One of the matters considered by the State Ethics Commission at its meeting this past week was a recap of their interpretations of the provision for lobbyist registration and reporting (“State Ethics Commission Staff Recommendation Regarding Registration And Reporting Requirements For Lobbyists And Organizations That Engage In Lobbying Activities“).
Hawaii law requires lobbyists to register with the commission and report on their expenditures if they meet a combination of conditions: (a) they are paid to lobby; and either (b) spend more than five hours in any month lobbying, or (c) spend more than $750 in a reporting period. Whether a person is paid as a professional lobbyist, or lobbies as part of their regular paid employment, doesn’t matter. If you’re paid, you meet the first condition.
Volunteer lobbyists, such as those who represent community groups or nonprofit organizations at the legislature, are not required to lobby.
However, organizations that rely on volunteer lobbyists, or engage in grassroots lobbying (urging members of the public to communicate with legislators about legislation), would be required to register and report their lobbying costs if the organization hits either the 5-hours or $750 threshold.
The commission presented an example:
A grassroots organization does not employ a lobbyist, but the organization spends $1,000 for newspaper and television ads urging the public to contact their legislators about a bill. The organization pays for the ads using contributions received from its members for its lobbying activities. The organization must file a lobbying report. The report must include the organization’s advertising expenditures and contributions received by the organization for the purpose of lobbying.
The state lobbyist law exempts anyone who has special knowledge about an issue and is “occasionally” requested to appear at the legislature by a member, and administrative agency, or even a lobbyist.
The ethics staff are recommending that this exemption be narrowly construed.
The Commission has determined that it construes this exemption narrowly and believes that it applies to persons who provide expert information to the legislature, but does not apply to lobbyists or other persons who attempt to advocate for a position, encourage a particular result, or otherwise influence legislative action.

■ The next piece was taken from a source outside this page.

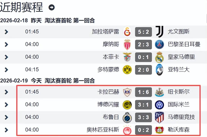 大年初三(2月19日)凌晨,欧冠淘汰赛附加赛首回合次日4场比赛全部结束。英超六队打进欧冠淘汰赛已成定局,意甲球队表现低迷,德甲球队整体发挥稳健,一夜之间连爆两大冷门!

Persons who provide information to the legislature or attempt to “educate” the legislature for the purpose of advocating for a position are not exempt from the requirements of the Lobbyists Law.
Another staff interpretation helps to close a reporting loophole. Lobbyists are required to publicly disclose their expenditures, but the statute exempts “the expenses of preparing written testimony and exhibits for a hearing before the legislature or an administrative agency.”
This has been used by some lobbyists or organizations to avoid reporting substantial costs. The commission notes, for example, “it appears that some lobbyists or organizations that employ lobbyists do not report lobbying expenses relating to the research, drafting, and submission of written testimony and exhibits for a hearing.”
This is not the intent of the law, according to the staff recommendation. Instead, the exemption is only for “administrative expenses incurred to prepare and submit written testimony.” Essentially, clerical services to prepare copies and actual copying costs are what they’re talking about.
On the other hand, according to the staff recommendation, “compensation paid to a lobbyist for researching or drafting testimony or exhibits for a hearing must be reported as a lobbying expenditure.”
The staff recommendation also clarifies that in-kind or non monetary contributions received by an organization engaged in grassroots lobbying must be reported if they meet the other reporting conditions.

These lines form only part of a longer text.